• LSTM 词语模型上的动态量化


    原文链接 

    (beta) Dynamic Quantization on an LSTM Word Language Model — PyTorch Tutorials 2.3.0+cu121 documentation

    引言

    量化涉及将模型的权重和激活值从浮点数转换为整数,这样可以缩小模型大小,加快推理速度,但对准确性的影响很小。
    在本教程中,我们将把最简单的量化形式--动态量化--应用到基于 LSTM 的下一个单词预测模型中,这与 PyTorch 示例中的单词语言模型密切相关。

    1. # imports
    2. import os
    3. from io import open
    4. import time
    5. import torch
    6. import torch.nn as nn
    7. import torch.nn.functional as F

     定义模型

      在此,我们按照单词语言模型示例中的模型,定义 LSTM 模型架构。

    1. class LSTMModel(nn.Module):
    2. """Container module with an encoder, a recurrent module, and a decoder."""
    3. def __init__(self, ntoken, ninp, nhid, nlayers, dropout=0.5):
    4. super(LSTMModel, self).__init__()
    5. self.drop = nn.Dropout(dropout)
    6. self.encoder = nn.Embedding(ntoken, ninp)
    7. self.rnn = nn.LSTM(ninp, nhid, nlayers, dropout=dropout)
    8. self.decoder = nn.Linear(nhid, ntoken)
    9. self.init_weights()
    10. self.nhid = nhid
    11. self.nlayers = nlayers
    12. def init_weights(self):
    13. initrange = 0.1
    14. self.encoder.weight.data.uniform_(-initrange, initrange)
    15. self.decoder.bias.data.zero_()
    16. self.decoder.weight.data.uniform_(-initrange, initrange)
    17. def forward(self, input, hidden):
    18. emb = self.drop(self.encoder(input))
    19. output, hidden = self.rnn(emb, hidden)
    20. output = self.drop(output)
    21. decoded = self.decoder(output)
    22. return decoded, hidden
    23. def init_hidden(self, bsz):
    24. weight = next(self.parameters())
    25. return (weight.new_zeros(self.nlayers, bsz, self.nhid),
    26. weight.new_zeros(self.nlayers, bsz, self.nhid))

    加载文本数据

     接下来,我们将 Wikitext-2 数据集加载到[Corpus]{.title-ref}中,同样按照单词语言模型示例进行预处理。
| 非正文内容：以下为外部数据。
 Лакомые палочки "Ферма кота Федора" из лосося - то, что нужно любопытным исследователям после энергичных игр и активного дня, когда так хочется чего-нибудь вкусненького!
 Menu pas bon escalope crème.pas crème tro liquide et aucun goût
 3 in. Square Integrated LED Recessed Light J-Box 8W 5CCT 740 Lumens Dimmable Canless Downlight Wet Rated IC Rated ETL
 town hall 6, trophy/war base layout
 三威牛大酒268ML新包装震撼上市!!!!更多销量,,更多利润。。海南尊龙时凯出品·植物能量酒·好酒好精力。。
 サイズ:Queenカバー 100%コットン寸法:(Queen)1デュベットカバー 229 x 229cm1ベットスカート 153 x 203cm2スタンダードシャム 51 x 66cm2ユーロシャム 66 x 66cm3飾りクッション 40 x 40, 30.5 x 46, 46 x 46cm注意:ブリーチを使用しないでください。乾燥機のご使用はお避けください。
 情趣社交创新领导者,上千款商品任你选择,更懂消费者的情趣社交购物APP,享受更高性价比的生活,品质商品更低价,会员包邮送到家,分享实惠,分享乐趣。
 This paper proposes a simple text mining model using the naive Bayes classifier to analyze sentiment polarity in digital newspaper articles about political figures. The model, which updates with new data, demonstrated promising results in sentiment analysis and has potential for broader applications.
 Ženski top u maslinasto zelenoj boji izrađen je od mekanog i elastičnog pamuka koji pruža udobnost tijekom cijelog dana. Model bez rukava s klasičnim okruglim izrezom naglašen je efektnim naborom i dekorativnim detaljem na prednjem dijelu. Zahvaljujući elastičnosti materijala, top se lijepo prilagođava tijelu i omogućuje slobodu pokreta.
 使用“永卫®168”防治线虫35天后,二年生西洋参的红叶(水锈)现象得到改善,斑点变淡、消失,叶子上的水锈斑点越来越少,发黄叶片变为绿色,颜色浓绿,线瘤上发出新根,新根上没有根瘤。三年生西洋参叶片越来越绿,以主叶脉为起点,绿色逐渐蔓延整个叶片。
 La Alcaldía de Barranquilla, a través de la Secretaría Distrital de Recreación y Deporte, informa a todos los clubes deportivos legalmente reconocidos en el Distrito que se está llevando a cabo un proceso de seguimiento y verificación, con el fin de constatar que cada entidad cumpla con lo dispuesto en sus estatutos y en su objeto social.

    1. class Dictionary(object):
    2. def __init__(self):
    3. self.word2idx = {}
    4. self.idx2word = []
    5. def add_word(self, word):
    6. if word not in self.word2idx:
    7. self.idx2word.append(word)
    8. self.word2idx[word] = len(self.idx2word) - 1
    9. return self.word2idx[word]
    10. def __len__(self):
    11. return len(self.idx2word)
    12. class Corpus(object):
    13. def __init__(self, path):
    14. self.dictionary = Dictionary()
    15. self.train = self.tokenize(os.path.join(path, 'train.txt'))
    16. self.valid = self.tokenize(os.path.join(path, 'valid.txt'))
    17. self.test = self.tokenize(os.path.join(path, 'test.txt'))
    18. def tokenize(self, path):
    19. """Tokenizes a text file."""
    20. print(path)
    21. assert os.path.exists(path), f"Error: The path {path} does not exist."
    22. # Add words to the dictionary
    23. with open(path, 'r', encoding="utf8") as f:
    24. for line in f:
    25. words = line.split() + ['']
    26. for word in words:
    27. self.dictionary.add_word(word)
    28. # Tokenize file content
    29. with open(path, 'r', encoding="utf8") as f:
    30. idss = []
    31. for line in f:
    32. words = line.split() + ['']
    33. ids = []
    34. for word in words:
    35. ids.append(self.dictionary.word2idx[word])
    36. idss.append(torch.tensor(ids).type(torch.int64))
    37. ids = torch.cat(idss)
    38. return ids
    39. model_data_filepath = ".\data\\"
    40. corpus = Corpus(model_data_filepath + 'wikitext-2')

    加载预训练模型

     这是一个关于动态量化的教程,一种在模型训练完成后应用的量化技术。因此,我们只需将一些预先训练好的权重加载到该模型架构中;这些权重是通过使用单词语言模型示例中的默认设置进行五次历时训练获得的。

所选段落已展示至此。